Community-driven risk reduction practices
In the context of HIV prevention, queer and trans men have historically led and taken up individual and community-driven approaches to reducing harms. In the current context, these kinds of approaches are also being used to prevent overdose. For example, some will only use substances with peers around so they can respond if something goes wrong. Others also described testing the strength and safety of a substance by first using only a small amount.
Our research found that young queer and trans men make a significant effort to buy substances from “trustworthy” sources, including members of their peer and sexual networks. Some also described how they have moved to using online drug markets. Here, they described how they would use sites on the darknet, reviewing a supplier’s profile for clues about drug safety and quality.
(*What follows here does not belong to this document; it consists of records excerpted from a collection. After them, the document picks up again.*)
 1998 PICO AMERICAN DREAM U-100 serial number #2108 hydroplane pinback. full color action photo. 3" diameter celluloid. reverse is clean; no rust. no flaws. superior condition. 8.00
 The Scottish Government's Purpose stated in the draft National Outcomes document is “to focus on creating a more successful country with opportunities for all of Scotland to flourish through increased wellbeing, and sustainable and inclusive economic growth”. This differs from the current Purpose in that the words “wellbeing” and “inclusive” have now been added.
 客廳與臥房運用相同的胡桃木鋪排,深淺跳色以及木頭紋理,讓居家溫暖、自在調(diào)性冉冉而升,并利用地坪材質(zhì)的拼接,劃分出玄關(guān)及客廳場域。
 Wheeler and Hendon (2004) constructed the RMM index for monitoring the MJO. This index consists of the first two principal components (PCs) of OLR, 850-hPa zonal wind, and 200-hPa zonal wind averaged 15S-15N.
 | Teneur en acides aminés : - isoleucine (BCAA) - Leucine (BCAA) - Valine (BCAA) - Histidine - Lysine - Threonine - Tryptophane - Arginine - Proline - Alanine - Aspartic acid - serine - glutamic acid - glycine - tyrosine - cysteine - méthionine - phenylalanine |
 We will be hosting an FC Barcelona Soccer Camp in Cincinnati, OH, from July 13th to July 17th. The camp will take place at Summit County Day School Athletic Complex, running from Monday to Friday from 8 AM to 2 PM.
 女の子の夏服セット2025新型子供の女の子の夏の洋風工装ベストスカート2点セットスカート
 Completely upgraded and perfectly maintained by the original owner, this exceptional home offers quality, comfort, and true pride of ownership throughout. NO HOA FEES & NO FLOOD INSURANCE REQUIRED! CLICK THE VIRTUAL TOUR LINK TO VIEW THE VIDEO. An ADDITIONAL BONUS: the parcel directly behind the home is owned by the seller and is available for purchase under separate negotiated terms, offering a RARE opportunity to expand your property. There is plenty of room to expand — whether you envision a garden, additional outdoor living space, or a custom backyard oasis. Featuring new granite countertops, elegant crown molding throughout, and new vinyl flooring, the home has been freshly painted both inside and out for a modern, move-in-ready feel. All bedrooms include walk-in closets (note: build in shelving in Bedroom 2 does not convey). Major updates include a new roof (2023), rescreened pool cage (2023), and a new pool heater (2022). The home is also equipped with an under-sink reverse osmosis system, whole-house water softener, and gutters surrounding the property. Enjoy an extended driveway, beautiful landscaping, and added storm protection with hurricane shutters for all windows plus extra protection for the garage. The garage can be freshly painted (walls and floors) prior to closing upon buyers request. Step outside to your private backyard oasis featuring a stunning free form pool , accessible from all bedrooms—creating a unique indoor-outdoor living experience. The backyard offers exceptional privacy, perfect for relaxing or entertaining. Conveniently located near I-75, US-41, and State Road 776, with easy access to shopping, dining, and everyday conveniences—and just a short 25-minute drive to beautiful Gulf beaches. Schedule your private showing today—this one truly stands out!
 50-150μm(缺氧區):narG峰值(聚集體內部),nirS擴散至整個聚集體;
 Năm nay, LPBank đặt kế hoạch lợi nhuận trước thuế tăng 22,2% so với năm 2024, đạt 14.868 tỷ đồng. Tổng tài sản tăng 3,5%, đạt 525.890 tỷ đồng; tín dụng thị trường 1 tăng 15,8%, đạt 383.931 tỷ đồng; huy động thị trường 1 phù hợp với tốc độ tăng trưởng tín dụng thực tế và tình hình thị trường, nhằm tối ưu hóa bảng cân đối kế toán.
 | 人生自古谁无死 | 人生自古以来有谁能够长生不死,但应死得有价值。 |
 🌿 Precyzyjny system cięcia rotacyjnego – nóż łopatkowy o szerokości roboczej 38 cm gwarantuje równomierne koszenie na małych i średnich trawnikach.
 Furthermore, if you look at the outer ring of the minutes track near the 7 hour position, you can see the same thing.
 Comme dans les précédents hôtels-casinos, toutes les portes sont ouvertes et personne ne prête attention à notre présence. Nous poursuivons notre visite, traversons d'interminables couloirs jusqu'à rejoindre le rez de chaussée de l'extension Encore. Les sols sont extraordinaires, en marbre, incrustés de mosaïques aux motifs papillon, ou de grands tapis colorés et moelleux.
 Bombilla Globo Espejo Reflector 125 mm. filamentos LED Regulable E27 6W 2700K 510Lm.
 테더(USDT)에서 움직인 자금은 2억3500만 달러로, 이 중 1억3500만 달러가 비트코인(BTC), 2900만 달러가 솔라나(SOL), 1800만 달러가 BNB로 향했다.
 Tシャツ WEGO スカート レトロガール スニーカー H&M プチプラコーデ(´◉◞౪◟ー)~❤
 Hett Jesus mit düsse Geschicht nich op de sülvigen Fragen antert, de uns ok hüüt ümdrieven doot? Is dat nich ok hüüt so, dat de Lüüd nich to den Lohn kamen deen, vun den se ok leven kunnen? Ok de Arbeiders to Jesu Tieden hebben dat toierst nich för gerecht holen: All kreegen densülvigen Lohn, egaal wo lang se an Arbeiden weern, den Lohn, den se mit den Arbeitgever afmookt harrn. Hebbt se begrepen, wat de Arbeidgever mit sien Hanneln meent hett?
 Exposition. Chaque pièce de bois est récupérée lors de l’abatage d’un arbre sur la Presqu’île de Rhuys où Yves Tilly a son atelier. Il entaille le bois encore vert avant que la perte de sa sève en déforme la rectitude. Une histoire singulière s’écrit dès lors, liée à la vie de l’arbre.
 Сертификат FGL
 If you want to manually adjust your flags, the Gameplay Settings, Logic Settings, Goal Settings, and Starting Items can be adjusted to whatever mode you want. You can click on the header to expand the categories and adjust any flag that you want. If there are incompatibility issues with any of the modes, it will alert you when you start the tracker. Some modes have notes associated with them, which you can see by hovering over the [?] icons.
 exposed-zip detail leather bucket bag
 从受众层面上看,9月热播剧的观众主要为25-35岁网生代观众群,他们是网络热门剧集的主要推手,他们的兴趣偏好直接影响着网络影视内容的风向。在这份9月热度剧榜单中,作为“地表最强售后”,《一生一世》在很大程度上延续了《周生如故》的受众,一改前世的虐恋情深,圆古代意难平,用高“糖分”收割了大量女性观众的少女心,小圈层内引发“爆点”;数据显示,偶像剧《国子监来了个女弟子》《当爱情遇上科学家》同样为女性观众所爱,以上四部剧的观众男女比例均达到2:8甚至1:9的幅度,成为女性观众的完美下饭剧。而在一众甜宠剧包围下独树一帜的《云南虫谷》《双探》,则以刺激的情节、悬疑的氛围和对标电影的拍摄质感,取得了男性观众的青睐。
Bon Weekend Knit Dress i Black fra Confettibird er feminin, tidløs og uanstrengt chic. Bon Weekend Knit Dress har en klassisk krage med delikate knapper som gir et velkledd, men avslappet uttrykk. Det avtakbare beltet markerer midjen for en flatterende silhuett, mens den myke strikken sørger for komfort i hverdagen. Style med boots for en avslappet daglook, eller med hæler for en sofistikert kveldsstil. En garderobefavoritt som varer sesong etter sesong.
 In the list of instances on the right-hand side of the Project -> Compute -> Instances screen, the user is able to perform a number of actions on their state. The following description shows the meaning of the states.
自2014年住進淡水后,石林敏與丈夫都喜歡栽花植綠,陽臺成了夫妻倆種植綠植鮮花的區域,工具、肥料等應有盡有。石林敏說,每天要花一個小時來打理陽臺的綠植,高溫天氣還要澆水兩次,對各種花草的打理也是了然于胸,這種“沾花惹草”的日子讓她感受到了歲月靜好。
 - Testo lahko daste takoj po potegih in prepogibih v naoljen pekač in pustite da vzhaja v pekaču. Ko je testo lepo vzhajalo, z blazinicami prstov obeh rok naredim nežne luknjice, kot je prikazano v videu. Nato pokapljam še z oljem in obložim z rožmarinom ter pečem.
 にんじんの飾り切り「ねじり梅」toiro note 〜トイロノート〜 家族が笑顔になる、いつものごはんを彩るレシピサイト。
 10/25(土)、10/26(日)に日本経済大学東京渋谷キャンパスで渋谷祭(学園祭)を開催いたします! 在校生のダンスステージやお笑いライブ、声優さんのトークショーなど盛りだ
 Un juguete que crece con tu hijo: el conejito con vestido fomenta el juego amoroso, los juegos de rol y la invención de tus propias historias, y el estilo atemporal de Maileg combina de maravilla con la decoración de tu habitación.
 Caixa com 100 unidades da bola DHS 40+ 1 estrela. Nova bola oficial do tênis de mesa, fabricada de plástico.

Drawing by a study participant illustrating the challenges that young queer and trans men face when trying to access information about or engage in safer substance use. (Rod Knight), Author provided
Overall, our study highlights the resilience and innovation behind the harm reduction strategies used by young queer and trans men. In shining a light on the barriers that young queer and trans men encounter when trying to use substances more safely, however, our findings also accentuate the ongoing need for non-judgmental and queer-friendly harm reduction services, the decriminalization of substance use and the provision of a safer drug supply.
COVID-19 and a safer supply
As the opioid overdose crisis continues, there is also concern that the COVID-19 pandemic brings a heightened element of risk to young queer and trans men and others who use drugs. The enforcement of physical distancing and isolation measures in British Columbia and elsewhere could inadvertently limit opportunities for young queer and trans men to use peer-based harm reduction methods, like using together, while also having other negative effects on mental and social wellbeing. For this reason, public health guidelines have explicitly included strategies people can use to stay connected and avoid using alone, such as virtual “buddy systems.”
Due to border closures or other factors related to the coronavirus pandemic, the illegal drug supply is becoming increasingly contaminated, and there is concern the supply could be cut off. As such, in an unprecedented time of two public health emergencies, efforts to implement a safer drug supply in British Columbia are now underway.
The urgency of the current COVID-19 situation has prompted us to take long-awaited steps toward an equitable response to the opioid overdose crisis, including the implementation of one version of a safer supply. Nevertheless, now and post-COVID-19, we cannot let up on our efforts to ensure that the safer supply and essential harm reduction services are accessible and tailored to the diverse needs of people who use drugs, including young queer and trans men.